Data for review:
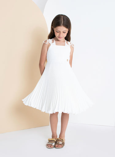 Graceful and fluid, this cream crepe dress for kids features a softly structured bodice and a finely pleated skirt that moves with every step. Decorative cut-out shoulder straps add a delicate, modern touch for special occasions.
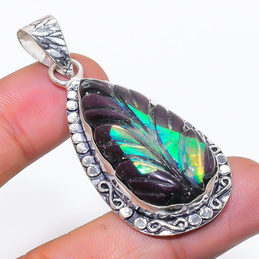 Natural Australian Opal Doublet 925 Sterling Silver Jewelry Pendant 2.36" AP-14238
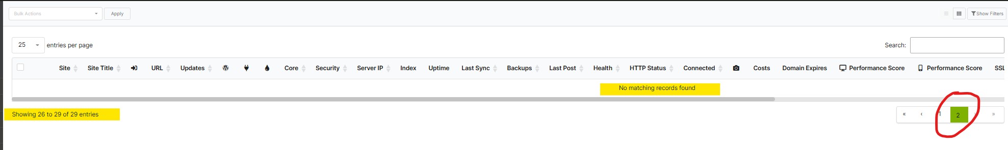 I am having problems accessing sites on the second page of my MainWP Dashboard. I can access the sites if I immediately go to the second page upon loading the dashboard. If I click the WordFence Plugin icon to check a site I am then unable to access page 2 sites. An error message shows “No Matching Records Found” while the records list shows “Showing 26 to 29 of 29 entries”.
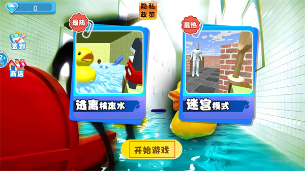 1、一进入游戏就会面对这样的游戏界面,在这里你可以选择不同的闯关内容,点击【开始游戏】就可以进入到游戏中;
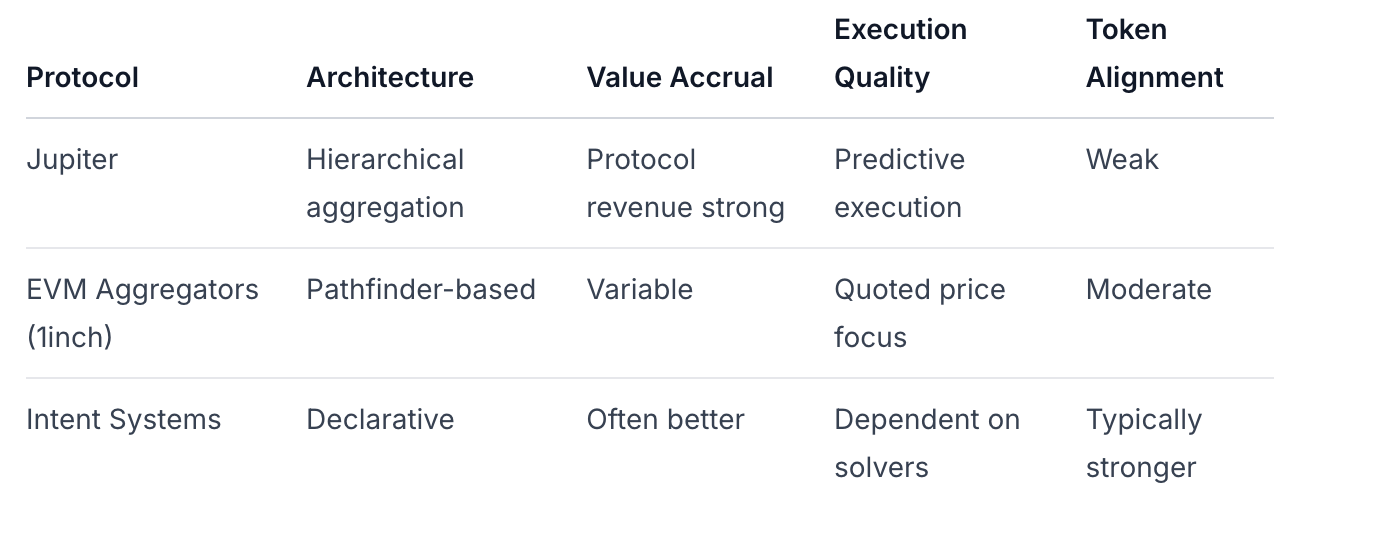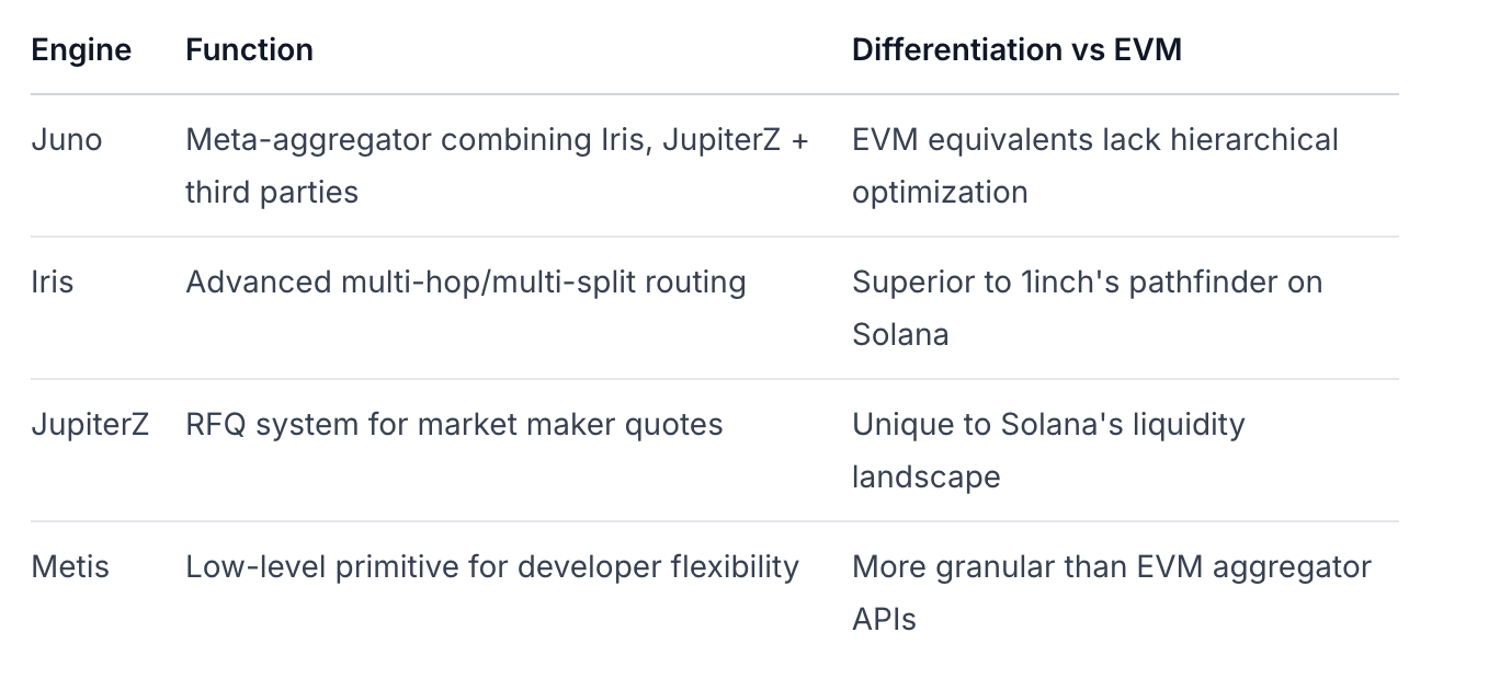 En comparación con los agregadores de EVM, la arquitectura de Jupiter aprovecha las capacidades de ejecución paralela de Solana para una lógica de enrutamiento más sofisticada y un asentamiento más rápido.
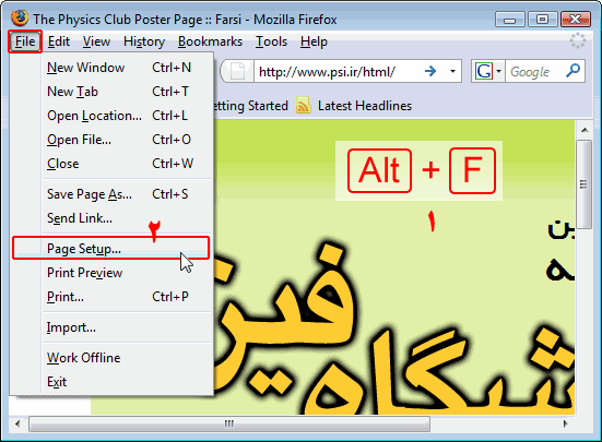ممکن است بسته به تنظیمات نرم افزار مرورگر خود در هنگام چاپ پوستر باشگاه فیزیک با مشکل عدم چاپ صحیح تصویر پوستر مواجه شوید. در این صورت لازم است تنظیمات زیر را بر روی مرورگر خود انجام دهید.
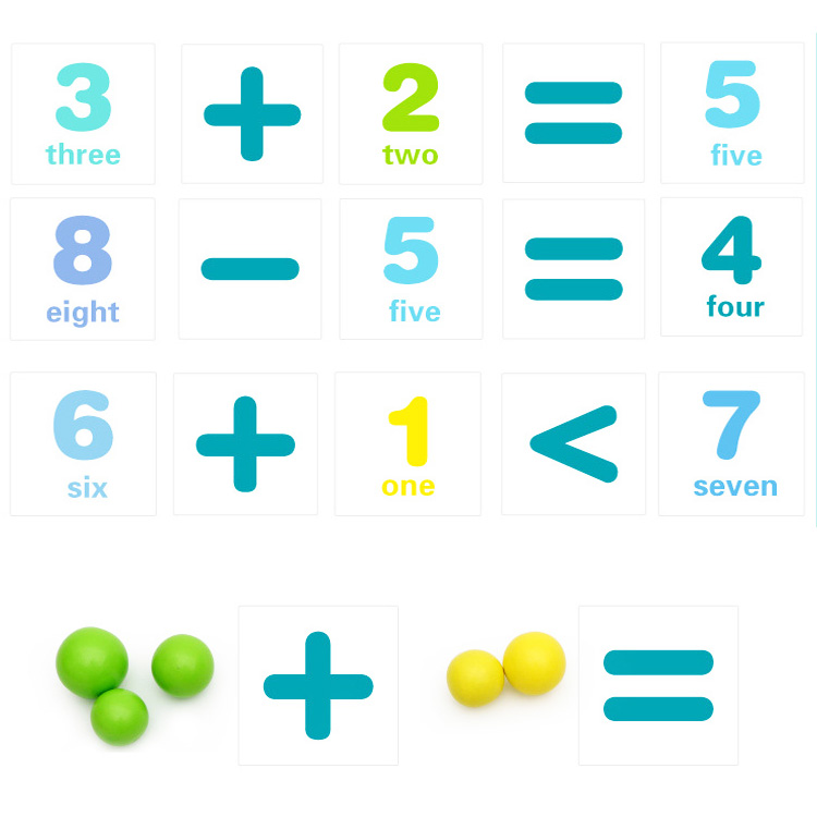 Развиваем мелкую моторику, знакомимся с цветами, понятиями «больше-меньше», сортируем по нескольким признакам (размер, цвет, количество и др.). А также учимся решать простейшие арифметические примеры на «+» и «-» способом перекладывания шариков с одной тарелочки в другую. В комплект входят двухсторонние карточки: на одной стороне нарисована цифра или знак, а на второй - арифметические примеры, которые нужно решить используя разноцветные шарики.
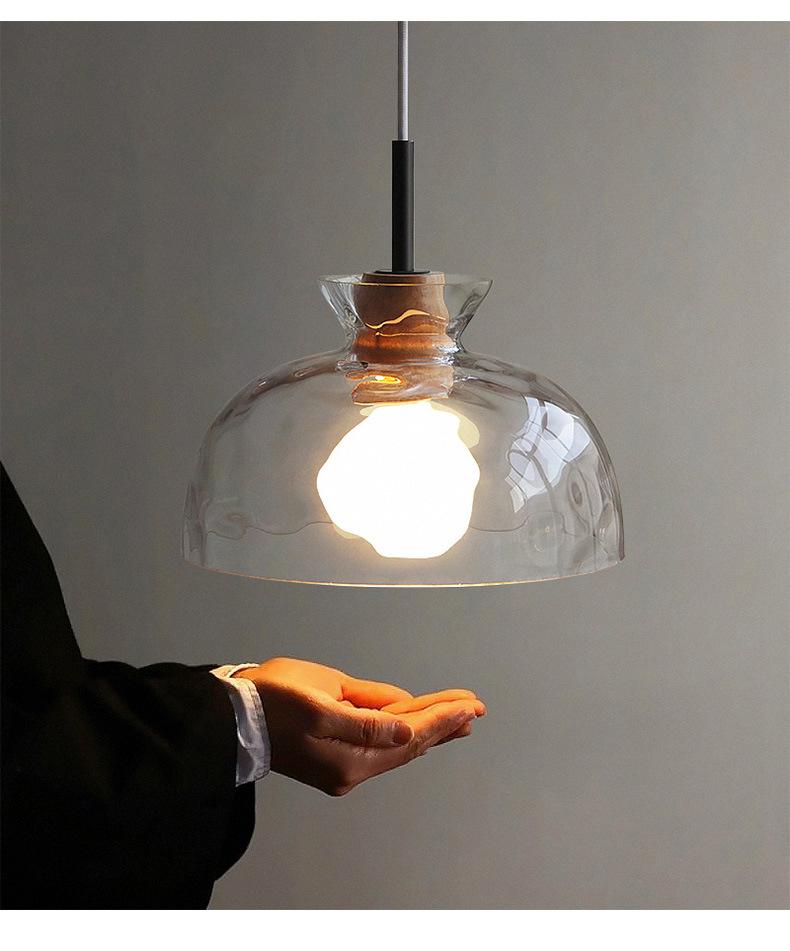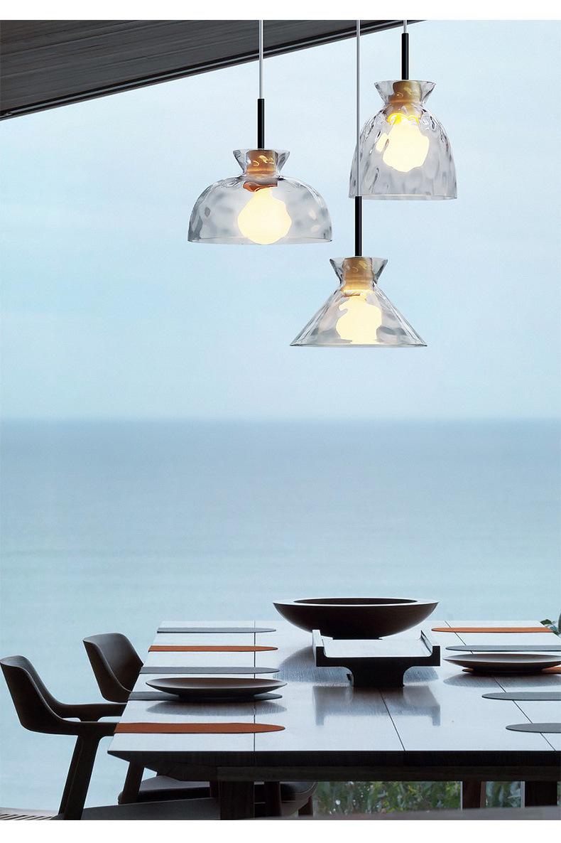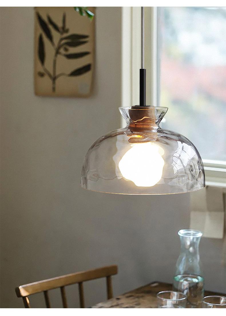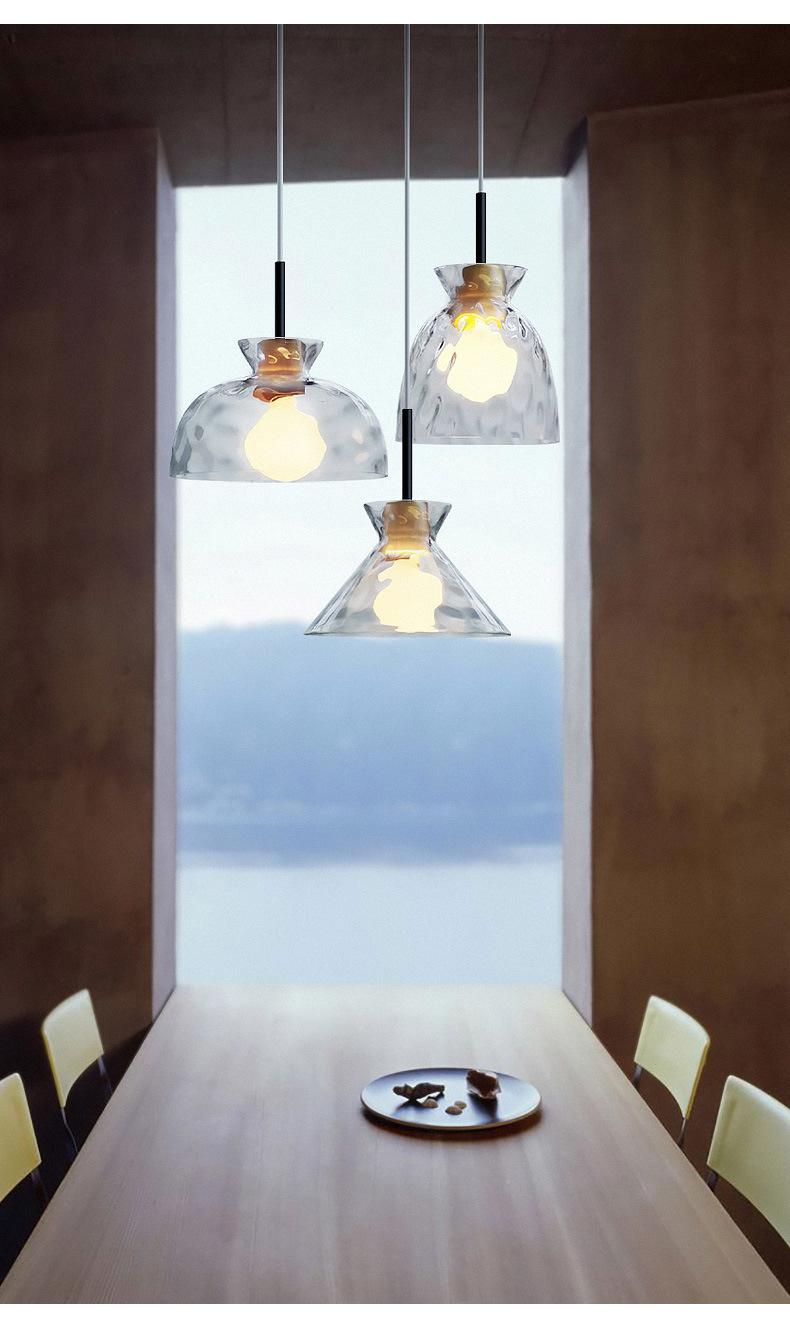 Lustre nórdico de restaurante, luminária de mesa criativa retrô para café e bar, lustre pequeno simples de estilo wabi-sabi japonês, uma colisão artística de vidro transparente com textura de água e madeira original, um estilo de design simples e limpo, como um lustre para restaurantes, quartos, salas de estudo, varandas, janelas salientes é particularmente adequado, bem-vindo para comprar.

Problem statement:
Write out the records word for word. Pictures stay out.

Answer space:
 Graceful and fluid, this cream crepe dress for kids features a softly structured bodice and a finely pleated skirt that moves with every step. Decorative cut-out shoulder straps add a delicate, modern touch for special occasions.
 Natural Australian Opal Doublet 925 Sterling Silver Jewelry Pendant 2.36" AP-14238
 I am having problems accessing sites on the second page of my MainWP Dashboard. I can access the sites if I immediately go to the second page upon loading the dashboard. If I click the WordFence Plugin icon to check a site I am then unable to access page 2 sites. An error message shows “No Matching Records Found” while the records list shows “Showing 26 to 29 of 29 entries”.
 1、一进入游戏就会面对这样的游戏界面,在这里你可以选择不同的闯关内容,点击【开始游戏】就可以进入到游戏中;
 En comparación con los agregadores de EVM, la arquitectura de Jupiter aprovecha las capacidades de ejecución paralela de Solana para una lógica de enrutamiento más sofisticada y un asentamiento más rápido.
ممکن است بسته به تنظیمات نرم افزار مرورگر خود در هنگام چاپ پوستر باشگاه فیزیک با مشکل عدم چاپ صحیح تصویر پوستر مواجه شوید. در این صورت لازم است تنظیمات زیر را بر روی مرورگر خود انجام دهید.
 Развиваем мелкую моторику, знакомимся с цветами, понятиями «больше-меньше», сортируем по нескольким признакам (размер, цвет, количество и др.). А также учимся решать простейшие арифметические примеры на «+» и «-» способом перекладывания шариков с одной тарелочки в другую. В комплект входят двухсторонние карточки: на одной стороне нарисована цифра или знак, а на второй - арифметические примеры, которые нужно решить используя разноцветные шарики.
 Lustre nórdico de restaurante, luminária de mesa criativa retrô para café e bar, lustre pequeno simples de estilo wabi-sabi japonês, uma colisão artística de vidro transparente com textura de água e madeira original, um estilo de design simples e limpo, como um lustre para restaurantes, quartos, salas de estudo, varandas, janelas salientes é particularmente adequado, bem-vindo para comprar.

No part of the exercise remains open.